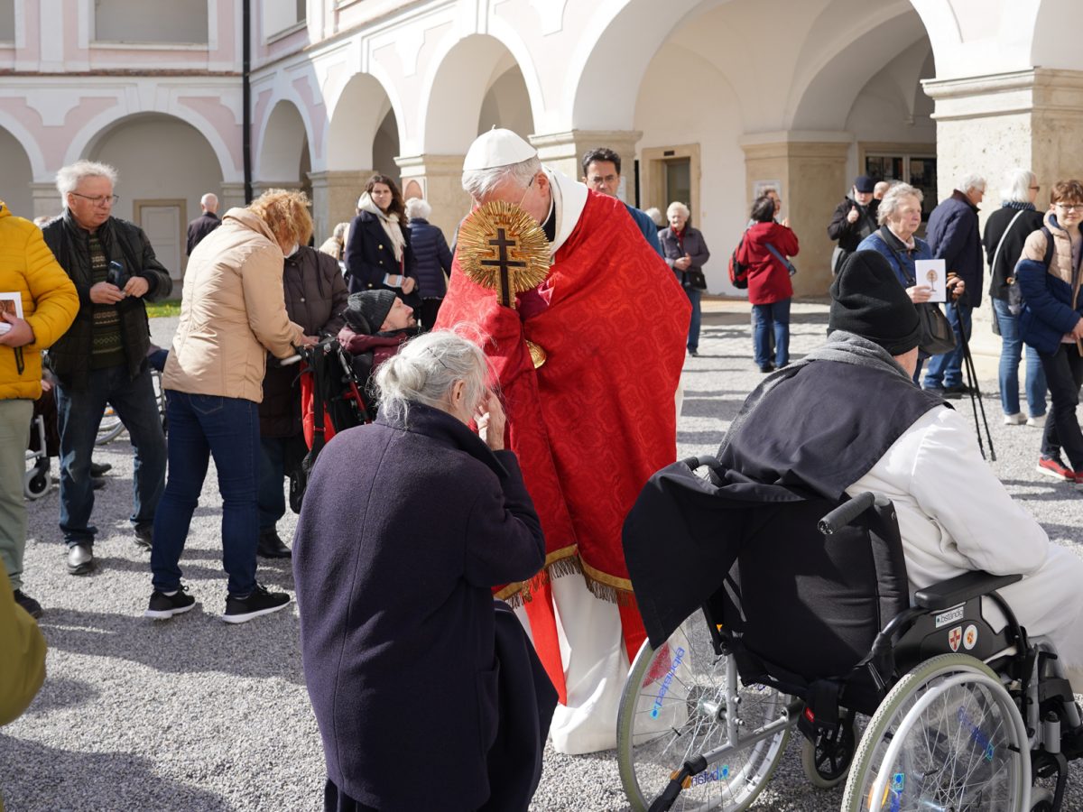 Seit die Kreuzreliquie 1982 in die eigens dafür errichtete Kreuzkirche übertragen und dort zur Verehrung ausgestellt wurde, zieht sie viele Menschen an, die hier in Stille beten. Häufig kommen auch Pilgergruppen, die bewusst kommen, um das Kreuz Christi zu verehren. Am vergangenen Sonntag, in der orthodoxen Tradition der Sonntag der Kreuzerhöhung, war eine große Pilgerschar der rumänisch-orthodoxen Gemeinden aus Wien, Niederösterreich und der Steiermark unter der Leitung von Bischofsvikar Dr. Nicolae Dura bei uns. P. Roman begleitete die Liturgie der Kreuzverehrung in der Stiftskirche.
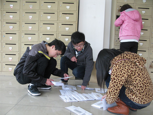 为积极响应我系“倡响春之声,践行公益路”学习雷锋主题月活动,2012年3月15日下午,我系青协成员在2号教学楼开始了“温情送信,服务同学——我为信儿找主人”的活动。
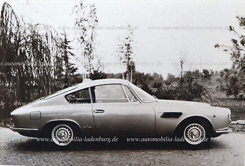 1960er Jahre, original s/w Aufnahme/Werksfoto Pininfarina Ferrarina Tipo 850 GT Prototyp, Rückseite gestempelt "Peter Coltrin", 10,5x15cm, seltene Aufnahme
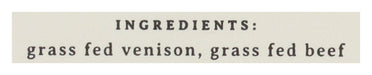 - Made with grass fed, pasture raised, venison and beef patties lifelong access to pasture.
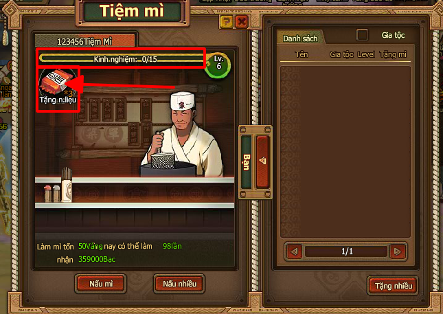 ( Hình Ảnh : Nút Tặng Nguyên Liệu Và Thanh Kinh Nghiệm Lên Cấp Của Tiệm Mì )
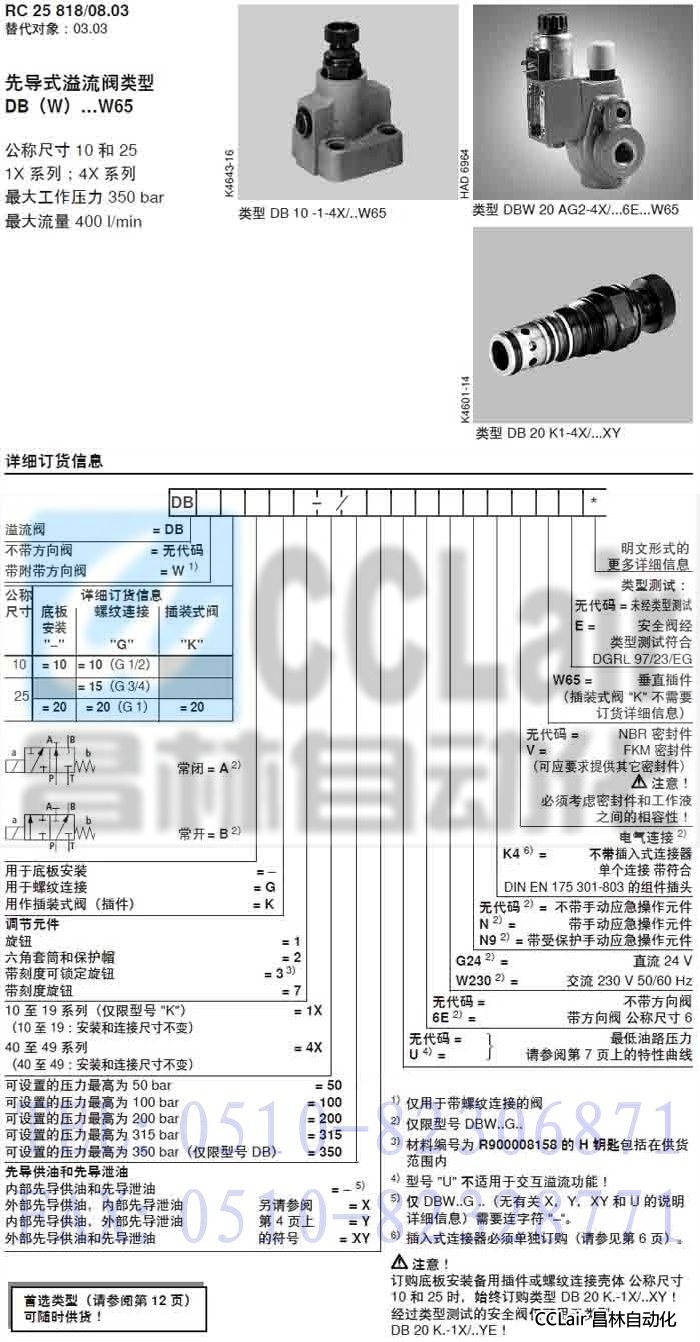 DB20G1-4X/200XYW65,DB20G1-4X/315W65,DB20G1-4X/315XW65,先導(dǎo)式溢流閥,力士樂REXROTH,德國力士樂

☆ ☆ ☆ ☆

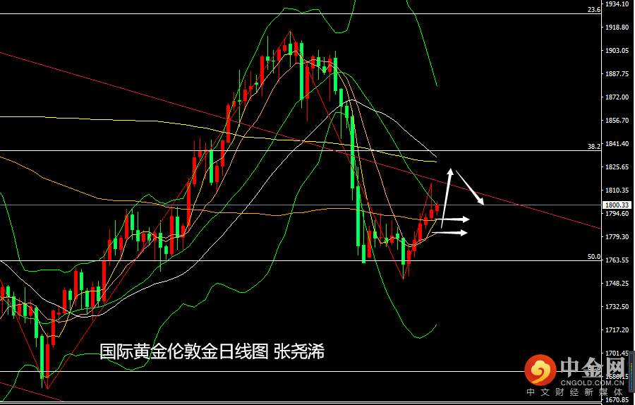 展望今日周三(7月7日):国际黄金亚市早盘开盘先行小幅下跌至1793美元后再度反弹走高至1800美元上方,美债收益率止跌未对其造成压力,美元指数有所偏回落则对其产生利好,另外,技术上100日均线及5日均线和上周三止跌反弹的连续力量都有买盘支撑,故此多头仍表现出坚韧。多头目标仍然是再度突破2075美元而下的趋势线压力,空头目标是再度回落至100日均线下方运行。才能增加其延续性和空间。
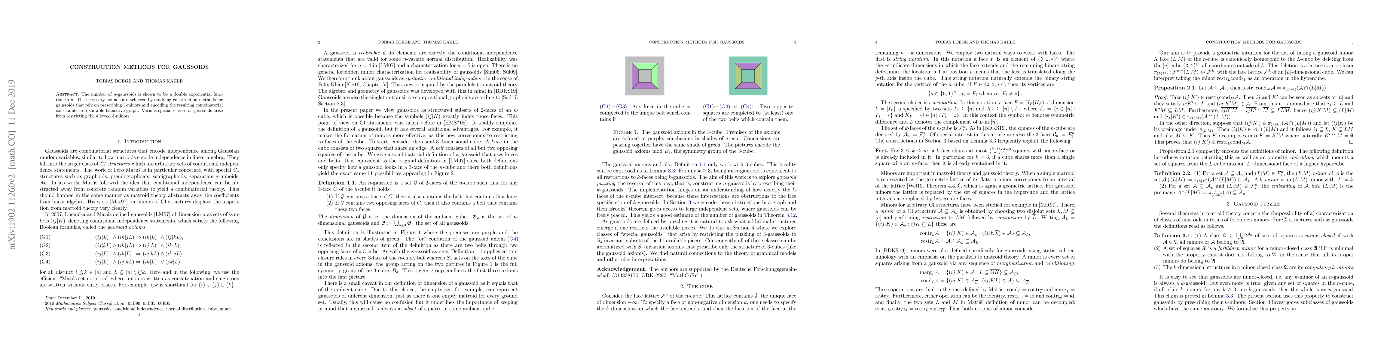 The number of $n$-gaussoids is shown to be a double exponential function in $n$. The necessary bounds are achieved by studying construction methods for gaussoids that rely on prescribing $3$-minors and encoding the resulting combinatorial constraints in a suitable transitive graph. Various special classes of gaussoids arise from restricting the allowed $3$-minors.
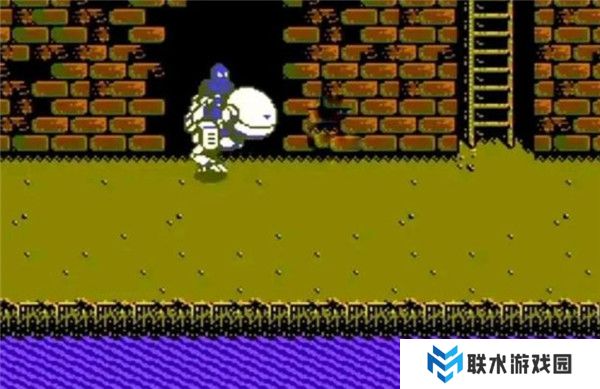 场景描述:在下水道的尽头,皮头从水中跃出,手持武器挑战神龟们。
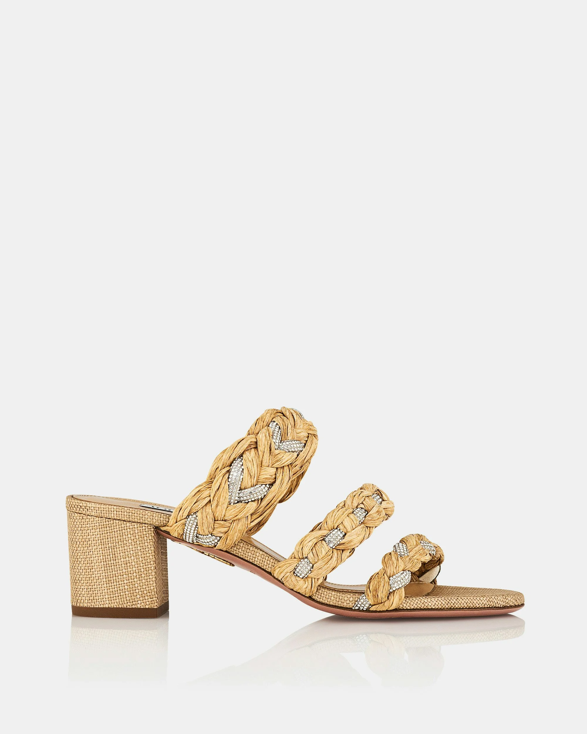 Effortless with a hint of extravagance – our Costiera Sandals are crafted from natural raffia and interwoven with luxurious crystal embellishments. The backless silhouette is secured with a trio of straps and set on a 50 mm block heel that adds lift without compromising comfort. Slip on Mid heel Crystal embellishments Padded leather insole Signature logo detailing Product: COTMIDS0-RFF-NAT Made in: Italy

☆ ☆ ☆ ☆

**Task prompt:** Only one stretch of the listing is wanted: the lines starting at the one with "- Made with" and ending at the one with "DB20G1-4X/200X", copied exactly and free of pictures.

**Response below:**
 - Made with grass fed, pasture raised, venison and beef patties lifelong access to pasture.
 ( Hình Ảnh : Nút Tặng Nguyên Liệu Và Thanh Kinh Nghiệm Lên Cấp Của Tiệm Mì )
 DB20G1-4X/200XYW65,DB20G1-4X/315W65,DB20G1-4X/315XW65,先導(dǎo)式溢流閥,力士樂REXROTH,德國力士樂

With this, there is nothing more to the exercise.